1. Linear Horizontal Scalability¶

Need more capacity? Add more nodes. The relationship is linear:

3 nodes  → handles X requests/second
6 nodes  → handles 2X requests/second
12 nodes → handles 4X requests/second

No architectural limit. Companies run 1000+ node clusters.

This works because: - Data is automatically distributed across nodes using consistent hashing - Each node is responsible for a portion of the data - Adding nodes automatically rebalances data

2. No Single Point of Failure¶

Every node in a Cassandra cluster is identical. There is no primary, no leader, no special node:

Data is replicated to multiple nodes. When a node fails: - Other nodes have copies of its data - Requests are automatically routed to surviving nodes - When the node recovers, it automatically catches up

3. Multi-Datacenter by Design¶

Cassandra was built for geographic distribution:

Each region has local replicas for low latency
Cross-datacenter consistency is tunable per query
Each region can operate independently during network partitions

Origin Story¶

Cassandra's architecture makes more sense when understanding why it was built.

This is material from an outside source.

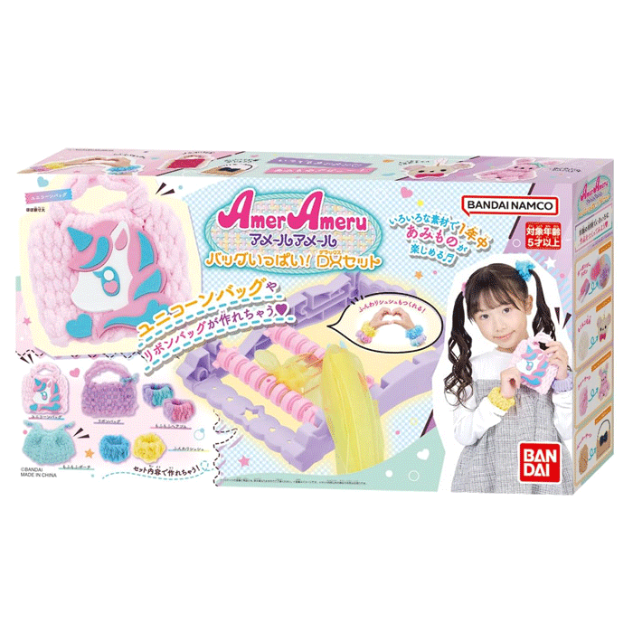 バンダイ アメールアメール バッグいっぱい! DXセット BANDAI 編み物 メイキング 手作り おもちゃ 女の子 プレゼント "いろいろな素材で簡単にあみものが楽しめるメイキングトイ「アメールアメール」よりバッグやシュシュがたくさん作れるDXセットが登場!!毛糸はもちろん、毛糸以外の素材を使ってあみものが楽しめます。セット内容のオーガンジーリボンを使って、本体にヘアゴムをセットし、リボンをヘアゴムに編んでいけばふんわりシュシュの完成!セット内容でバッグ×2種・ポーチ・シュシュ×2種・ヘアゴム×2種の合計7種のアイテムが作れるボリュームたっぷりの商品です。市販の素材を使えば、更にオールシーズンいろいろなあみものを作って遊べます。[セット内容]・本体・・・1個・バー・・・2本・シャトル・・・1本・コーム・・・1個・ボンボン用パーツ・・・1個・仕上げ針/とじ針・・・各1本・オーガンジーリボン(リボンバック用)・・・2色×各1束・オーガンジーリボン(ふんわりシュシュ用)・・・2色×各1束・ゴム紐・・・4色×各3本・平ゴム・・・3色×各8本・モールヤーン(ユニコーンバック用)・・・1束・毛糸・・・1束・モールヤーン(もふもふヘアゴム用)・・・2色×各1束・EVAシール・・・3色×各1枚・ループエンド・・・2個・取扱説明書・・・1枚 5

Facebook's Inbox Search Problem (2007)¶

Facebook needed to store and search billions of messages. Requirements: - Handle 100+ million users - Millisecond search latency - Never go offline (users expect 24/7 availability) - Scale without rebuilding

Existing solutions didn't work: - MySQL could not scale writes - Oracle was too expensive - Existing NoSQL options (memcached) could not persist reliably

The Dynamo + BigTable Combination¶

Facebook engineers Avinash Lakshman and Prashant Malik combined:

Amazon Dynamo (2007): - Consistent hashing for data distribution - Gossip protocol for cluster membership - Tunable consistency - Sloppy quorum for availability

Google BigTable (2006): - Wide-column data model - Log-structured storage (LSM trees) - Column families

The result was Cassandra - open-sourced in 2008, became Apache top-level project in 2010.

Historical Context¶

Understanding Cassandra's heritage explains its behavior:

Inherited From	Feature	Implication
Dynamo	Eventual consistency	Must design for it
Dynamo	No single point of failure	True peer-to-peer
Dynamo	Tunable consistency	Application chooses
BigTable	Column-oriented storage	Efficient for wide rows
BigTable	LSM trees	Fast writes, slower reads

The CAP Theorem and Cassandra¶

Understanding Cassandra requires understanding the CAP theorem.

CAP Theorem Explained¶

The CAP theorem states that a distributed system can only guarantee two of three properties:

Consistency: Every read receives the most recent write
Availability: Every request receives a response
Partition tolerance: System continues despite network failures

Cassandra's Choice: AP (with Tunable C)¶

In the real world, network partitions will happen. P cannot be given up. So the choice is between:

CP systems: When partition occurs, refuse requests (maintain consistency, sacrifice availability)
AP systems: When partition occurs, continue serving requests (maintain availability, sacrifice consistency)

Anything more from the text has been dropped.